То, что при всем этом человек остается смертным, выглядит просто невыносимым скандалом. Почти недоразумением, которое до сих пор не исправлено только по недостатку стараний.

Многоголосие и разность позиций здесь тем важнее, что «проблемное поле феномена смерти», по словам Роганова, располагается сегодня «на пересечении десятков различных направлений современной науки — от изучения биологических процессов, которые завершаются биологической смертью, до философско-теологических споров о смысле и месте смерти в жизни человека и общества». Конечно, опыт всех этих дисциплин и областей при формулировке некоторого общекультурного взгляда на смерть должен учитываться — при условии, что будет язык, на котором они смогли бы договориться.
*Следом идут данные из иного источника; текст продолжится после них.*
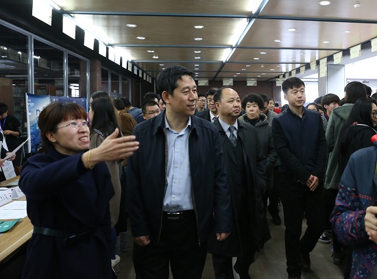 9时许,吉林省教育厅副厅长岳强一行莅临供需见面会现场。在球盟会qmh董事长、校长郑立国的陪同下,岳强副厅长在见面会现场与毕业生及用人单位工作人员进行了深入交流。尤其是在知道了许多用人单位招聘代表是qmh官网往届毕业生之后,岳强副厅长仔细询问了他们的成长过程,并对qmh官网“开放式国际化、学研产一体化、创意产品高科技化”的办学特色给予了高度认同。

Однако едва ли не каждый автор сборника, который вообще об этом заговаривает, вынужден так или иначе признать: «адекватного языка смерти» (Владимир Варава), такого, который был бы приемлем и понятен всем участникам разговора о ней, сегодня еще нет. Его только предстоит создать. Заняты они, однако, не столько выработкой этого языка — это, пожалуй, все-таки следующий шаг, — сколько рассмотрением условий его выработки, прощупыванием той почвы, на которой может быть, предположительно, возведено такое здание, а также технических возможностей его создания.

И здесь, похоже, все еще больше вопросов, чем ответов.

Но некоторые авторы альманаха предлагают ответы. Например, философ Владимир Варава (кстати, автор одного из самых тонких эссе сборника — об «ожидании» как основном состоянии жизни, разрешающемся только в смерти) рекомендует опираться на опыт русской религиозной философии — востребовать ее «нравственный потенциал». Вообще он крайне жёсток в своих требованиях вплоть до готовности отказать междисциплинарному подходу и вообще всяческому многоголосию в адекватности подхода к предмету: «Ситуация, — пишет он, — требует выработки жёсткой методологии, которая не позволила бы духовным смыслам смерти расползтись по территориям периферийных и прикладных для нее наук». «Метафизика смерти (читай: православная ее метафизика. — О. Б. ) — реальная альтернатива всем посюсторонним тактикам общения со смертью».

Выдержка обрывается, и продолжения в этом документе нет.